The startup procedure can be used for starting the rolehostd process on a running node as well as powering on nodes in an Ocient System. In most installations, the rolehostd process is configured to automatically start on system boot up.
The rolehostd process is the main executable for an Ocient System. During startup of the rolehostd process, every non-Admininistrator Node will reach out to one of the Administrator Nodes. These nodes require a "quorum" for the Ocient system to startup and operate. To establish a quorum, a majority of Administrator Nodes must be actively running the rolehostd process. For example, when an Ocient System has three Administrator Nodes, at least two must be active to establish quorum and service requests from other nodes.
Nodes in an Ocient system should started in the following sequence for smoothest operation:
Queries will not complete until Foundation Nodes are online.
- Start the rolehostd process on all dedicated Administrator Nodes and SQL Nodes using the systemctl start rolehostd command.
- Start the rolehostd process on all Foundation Nodes using the systemctl start rolehostd command.
- Start the rolehostd process on all Loader Nodes using the systemctl start rolehostd command.
- After the rolehostd process has finished starting on all Loader Nodes, start the Loading and Transformation service using the systemctl start lat command.
The shutdown procedure can be used for stopping the rolehostd process as well as powering off nodes in the Ocient system.
Properly sequencing the shutdown of nodes in an Ocient system ensures a smooth power down process and reduces the appearance of errors to users in loading and querying as the system goes offline. The rolehostd process must be running on nodes with the Administrator Role for Global Dictionary Compression (GDC) lookup to work during loading and querying of data. If these nodes are shut down first, this will cause GDC lookups to fail, resulting in failures for both loading and querying of data.

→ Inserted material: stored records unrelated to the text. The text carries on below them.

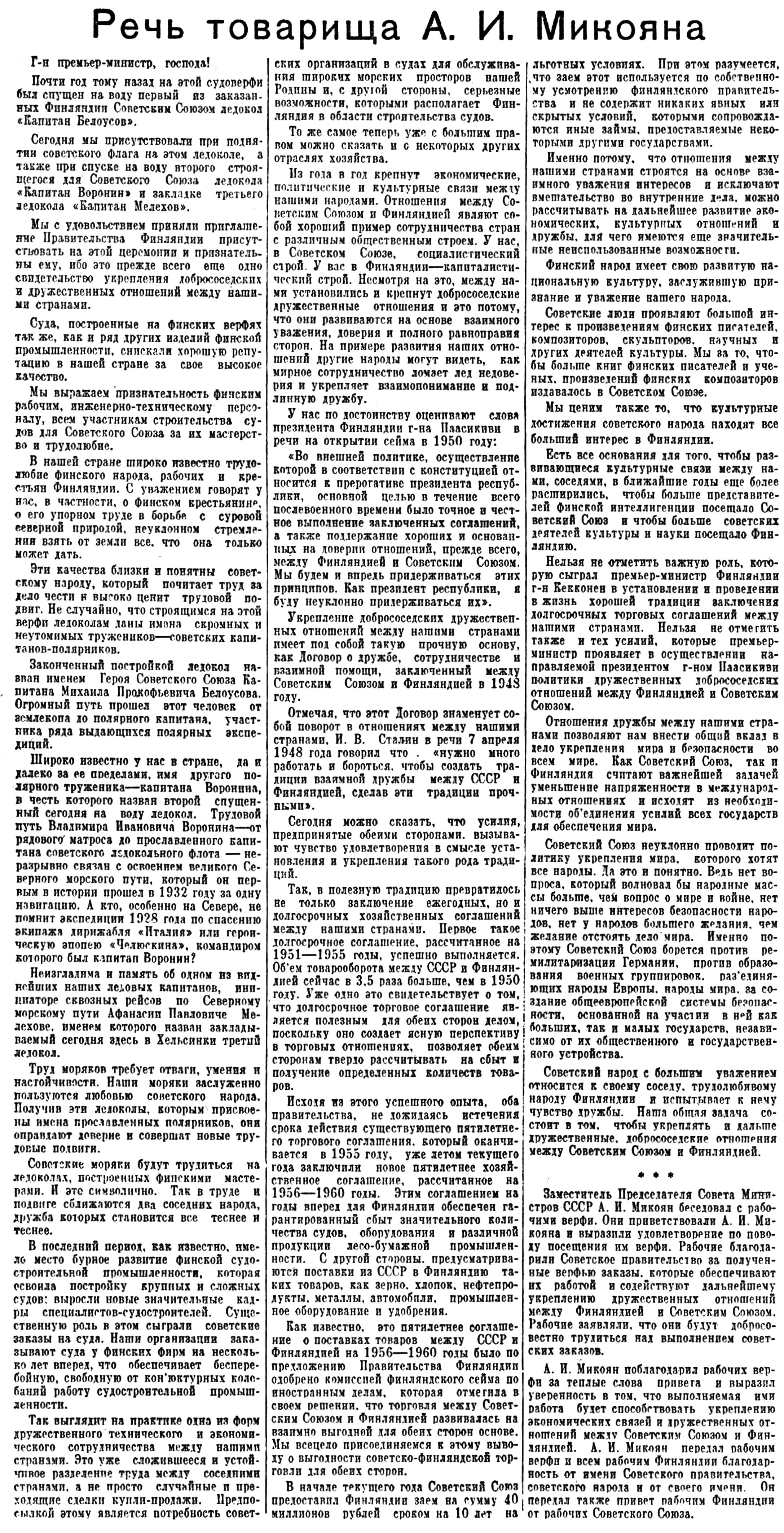 Нельзя не отметить важную роль, которую сыграл премьер-министр Финляндии г-н Кекконен в установлении и проведении в жизнь хорошей традиции заключения долгосрочных торговых соглашений между нашими странами. Нельзя не отметить также и тех усилий, которые премьер-министр проявляет в осуществлении направляемой президентом г-ном Паасикиви политики дружественных добрососедских отношений между Финляндией и Советским Союзом.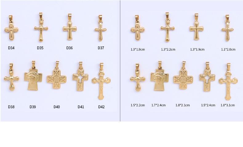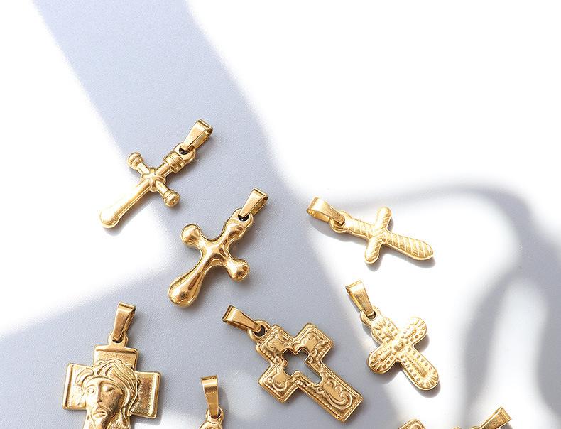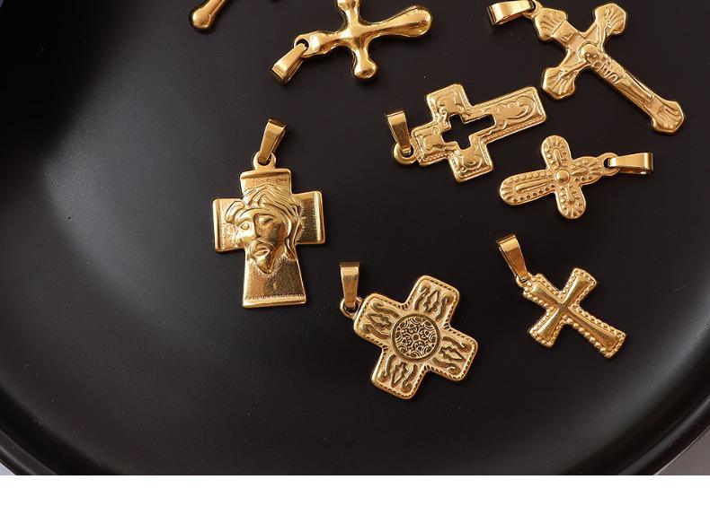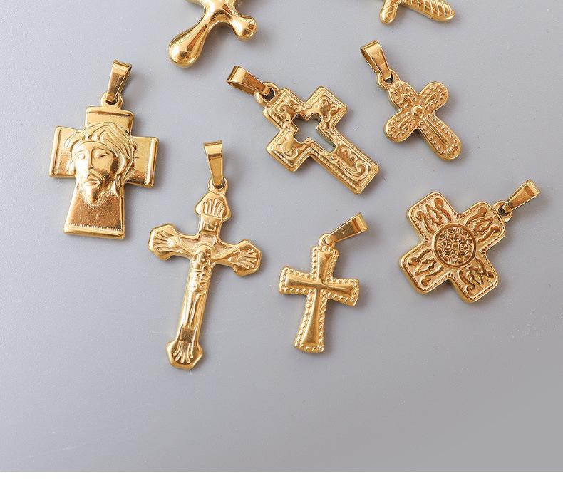 Colgante de cruz personalizado francés de gran venta, accesorios de joyería, colgante de acero de titanio chapado en oro de 18 quilates, colgante vintage a juego.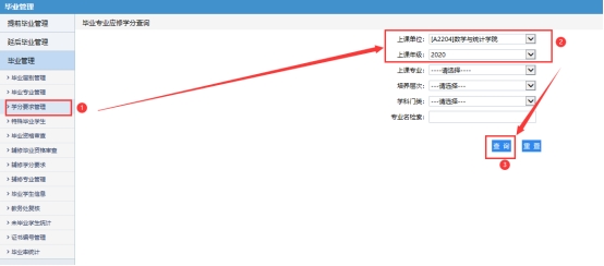 (1)学分要求管理→选择上课单位、上课年级→点击查询→统计→上课单位→统计。如下图:
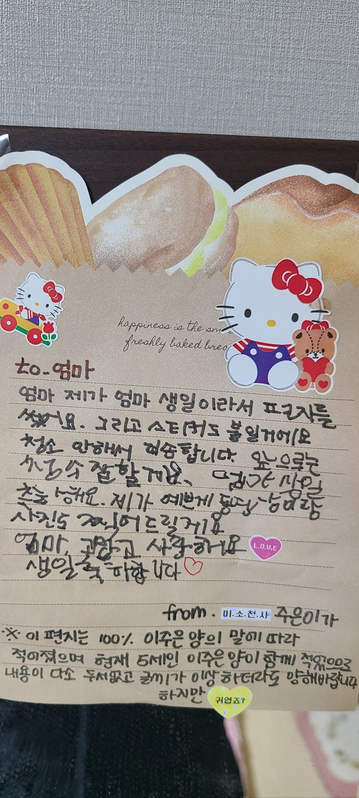 (막둥이가 엄마의 생일을 맞아 엄마에게 쓴(?) 편지)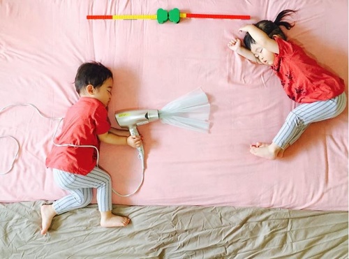 Când lumea viselor devine realitate: Fotografiile a doi frați gemeni în timp ce dorm, virale pe Instagram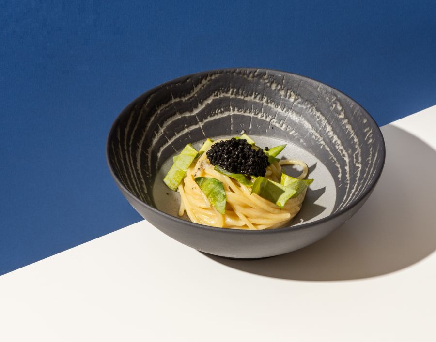 «La pasta al bronzo ha una presa diversa, trattiene meglio la salsa, restituisce pienezza», spiega Basso. «Ma soprattutto ha un carattere». Come lui, come la sua cucina: diretta, precisa, mai banale.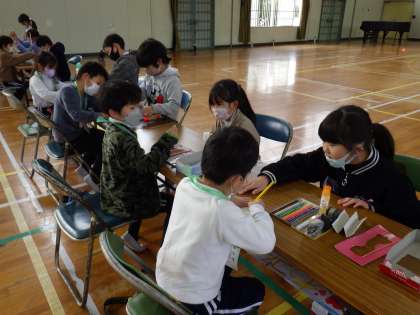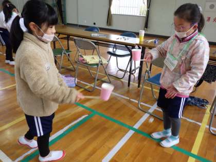 2月3日に2年4組が「おもちゃまつり」を行いました。12月頃から、2カ月かけて準備を行ってきました。おもちゃ調べや材料集めから始まり、実際に作ってみて難しいところを工夫したり、作り方や遊び方の説明を考えたりと様々な準備をしてきました。当日は、1年生に優しく丁寧に教えてあげる姿など、2年生としてのかっこいい姿がたくさん見られました。材料集めのご協力、ありがとうございました。
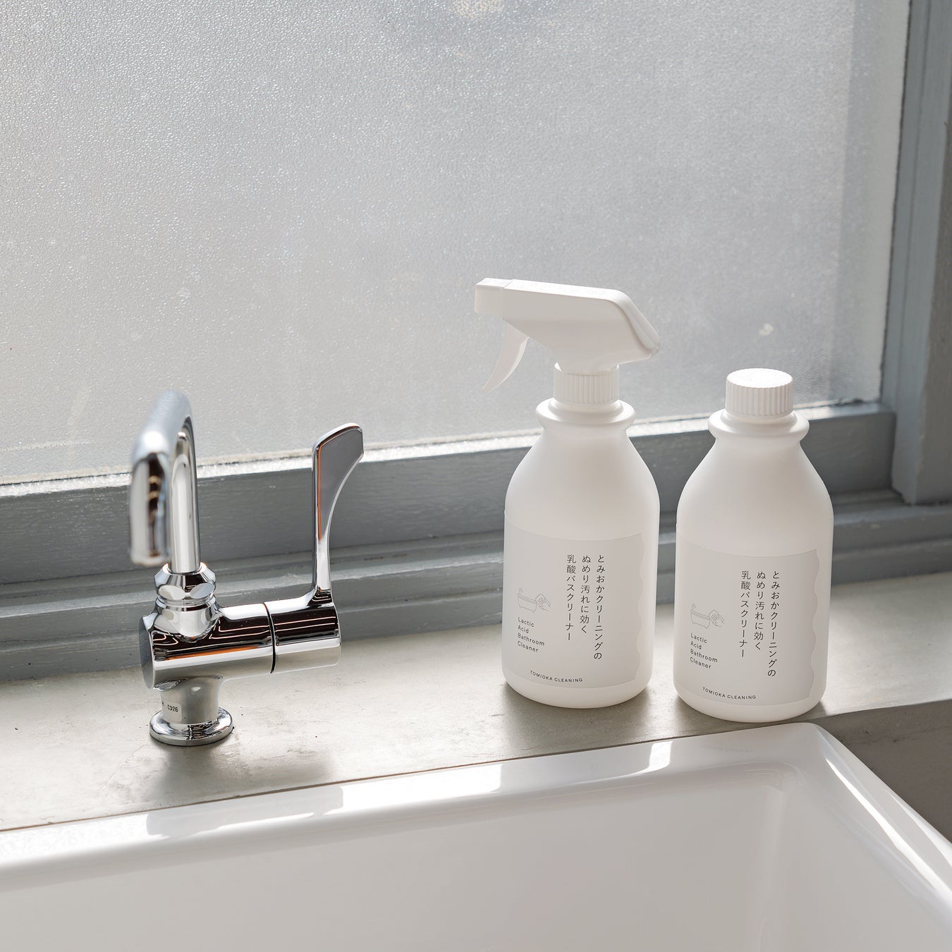 クリーニング店が、洗濯するだけで洗濯槽裏のカビの発生も抑制するオリジナル粉洗剤の効果効能に着想を得て、この度乳酸を配合したバスクリーナーを作った。風呂床や壁の掃除後、特にぬめりが発生しやすい箇所にスプレーして放置、もしくは10分後にすすぐことでいわゆる赤カビが発生しにくくなる。毎日の簡単な掃除で、頑固な黒カビの発生を抑制し風呂場の清潔が持続する。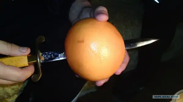 Кортиком делаем сквозное отверстие в грейпфруте.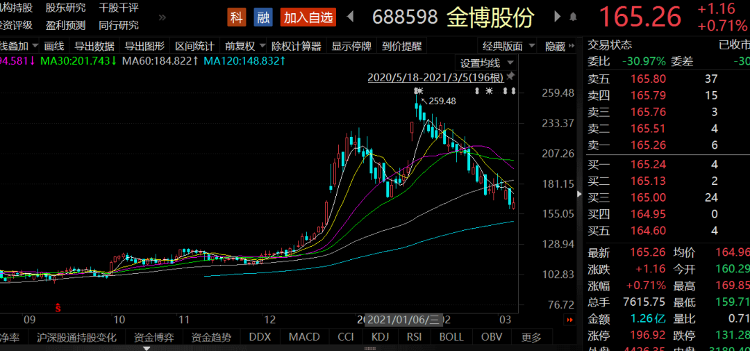 公告发布当天,金博股份股价涨超14%。2月25日,公司发布2020年业绩快报,去年公司实现营收4.26亿元,同比增78.05%;实现归母净利润1.69亿元,同比增117.03%。不过,随着光伏板块整体开始调整,金博股份的股价2月以来也迅速下调。

It is recommended to stagger powering on of nodes by few seconds to reduce the surge in power distribution circuits.
When you execute systemctl kill -s SIGKILL rolehostd, the Ocient system sends SIGKILL to the rolehostd process. The node stops immediately without waiting for any queries or loading that are active on the node to finish. Some potential errors might be visible to the user. To avoid the errors, use the quiescing process.
The Ocient System should be stopped in the following sequence:
- Stop the Loading and Transformation service on all Loader Nodes using the systemctl stop lat command.
- Stop the rolehostd process on all Loader Nodes the systemctl kill -s SIGKILL rolehostd command.
- Stop the rolehostd process on all Foundation Nodes the systemctl kill -s SIGKILL rolehostd command. Any queries issued after this point will fail.
- Stop the rolehostd process on all SQL Nodes using the systemctl kill -s SIGKILL rolehostd command.
- Stop the rolehostd process on all Administrator Nodes the systemctl kill -s SIGKILL rolehostd command.
Quiescing nodes can be used for gracefully stopping the rolehostd process without interrupting loading or running queries. This process is most useful for maintenance purposes or for node upgrades. Quiescing refers to the graceful shut down of a node, whereas quiesced refers to a node that has completed quiescing and is now fully shut down.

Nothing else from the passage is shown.